18. The method of claim 16, further comprising:

extending a contig using Kmers in the Kmer index based on read scores associated with the Kmers in the Kmer index.

19. The method of claim 18, extending the contig includes:

identifying a set of Kmers that align to an end of the contig;

for each Kmer of the set of Kmers: computing a Kmer score based on the read scores associated with the Kmer; and

using the Kmer scores to determine which Kmer of the set of Kmers to use to extend the contig.
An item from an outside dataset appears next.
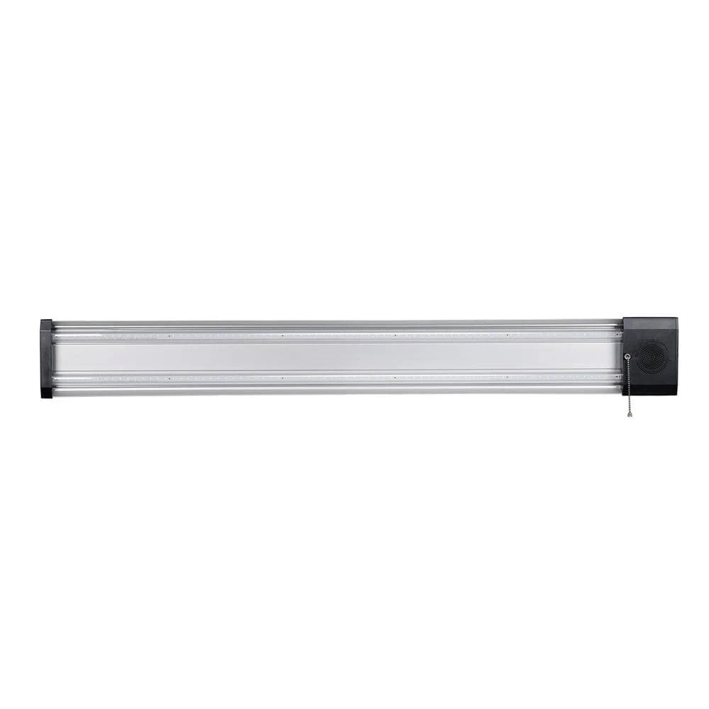 Honeywell’s LED Shop Light with Built-in Bluetooth Speaker is an innovative way to listen to your favorite music, podcasts or sport’s radio while you work. This LED shop light is designed to provide high quality illumination in your favorite work area, garages, entertainment areas and more. This shop light emits a powerful 5000 Lumens of bright white light while using around only 50-Watts of electricity. The Honeywell LED Shop Light ensures a long-lasting, energy-efficient consumption. Read more about the highlights of the LED shop light with Bluetooth speaker below: Hanging chain included Integrated LEDs/No bulbs to replace Bluetooth capability 5000 lumens of bright white light Consumes little energy Linkable feature For additional questions or concerns regarding this product, please contact the Manufacturer’s Customer Service Department.

20. A computer product comprising a computer readable medium storing a plurality of instructions, that when executed on one or more processors of a computer system, perform:

receiving sequence data from a sequencing of a plurality of heteropolymer fragments corresponding to a heteropolymer molecule of an organism, wherein the sequence data for each heteropolymer fragment of the plurality of heteropolymer fragments includes: intensity values for monomers at a plurality of positions of the heteropolymer fragment;

determining a first score of a first monomer at a first position of a first heteropolymer fragment based on a first intensity value of the first monomer measured at the first position, the first score providing a first likelihood of the first monomer being at the first position of the first heteropolymer fragment;

determining a second score of a second monomer at the first position of the first heteropolymer fragment based on a second intensity value of the second monomer measured at the first position, the second score providing a second likelihood of the second monomer being at the first position of the first heteropolymer fragment;

based on the first score and the second score, identifying the first position of the first heteropolymer fragment to correspond to a multiplet call that includes the first monomer and the second monomer; and

using the first monomer and the second monomer in a mapping procedure and/or an assembly procedure to determine a final monomer call at a final position in a sequence of monomers corresponding to the heteropolymer molecule of the organism.